Let’s permute between 1 and 2.

def permute(y):
    y2 = y.copy()
    y2[y == 1] = 2
    y2[y == 2] = 1
    return y2

y_train_permuted = permute(y_train)
y_test_permuted = permute(y_test)

regp = LinearRegression()
regp.fit(X_train, y_train_permuted)
logp = LogisticRegression()
logp.fit(X_train, y_train_permuted)
(r2_score(y_test_permuted, fct2float2int(regp.predict(X_test))),
 r2_score(y_test_permuted, logp.predict(X_test)))

(0.43952802359882015, 0.9626352015732547)

The classifer produces almost the same performance, the regressor seems off. Let’s check that it is just luck.

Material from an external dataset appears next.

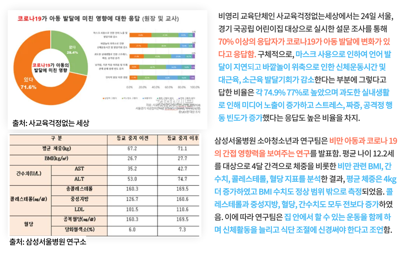 아동 교육 관련 문제점을 찾아서 3가지로 정리해본 결과 위에와 같은 부분들이 심각한 부분들이 있었으며, 관련 근거로 아래와 같은 내용을 찾게 되었습니다.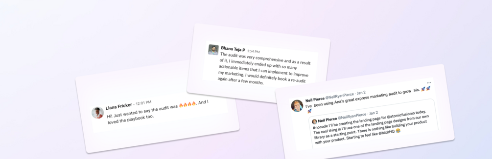 "The audit was very comprehensive and as a result of it, I immediately ended up with so many actionable items that I can implement to improve my marketing. I would definitely book a re-audit again after a few months"

from mlinsights.mlmodel import TransformedTargetClassifier2
from pandas import DataFrame

rows = []
for i in range(0, 10):
    regpt = TransformedTargetRegressor2(LinearRegression(), transformer='permute')
    regpt.fit(X_train, y_train)
    logpt = TransformedTargetClassifier2(LogisticRegression(max_iter=200), transformer='permute')
    logpt.fit(X_train, y_train)
    rows.append({
        'reg_perm': regpt.transformer_.permutation_,
        'reg_score': r2_score(y_test, fct2float2int(regpt.predict(X_test))),
        'log_perm': logpt.transformer_.permutation_,
        'log_score': r2_score(y_test, logpt.predict(X_test))
    })

df = DataFrame(rows)
df

	reg_perm	reg_score	log_perm	log_score
0	{0: 2, 1: 0, 2: 1}	0.061728	{0: 1, 1: 2, 2: 0}	0.960905
1	{0: 1, 1: 2, 2: 0}	-0.759259	{0: 0, 1: 2, 2: 1}	0.960905
2	{0: 2, 1: 1, 2: 0}	1.000000	{0: 0, 1: 1, 2: 2}	0.960905
3	{0: 0, 1: 2, 2: 1}	0.061728	{0: 1, 1: 2, 2: 0}	0.960905
4	{0: 1, 1: 0, 2: 2}	-0.759259	{0: 1, 1: 2, 2: 0}	0.960905
5	{0: 1, 1: 2, 2: 0}	-0.759259	{0: 2, 1: 1, 2: 0}	0.960905
6	{0: 2, 1: 0, 2: 1}	0.061728	{0: 1, 1: 2, 2: 0}	0.960905
7	{0: 0, 1: 1, 2: 2}	1.000000	{0: 2, 1: 1, 2: 0}	0.960905
8	{0: 2, 1: 0, 2: 1}	0.061728	{0: 1, 1: 0, 2: 2}	0.960905
9	{0: 1, 1: 2, 2: 0}	-0.759259	{0: 1, 1: 0, 2: 2}	0.960905

The classifier produces a constant performance, the regressor is not.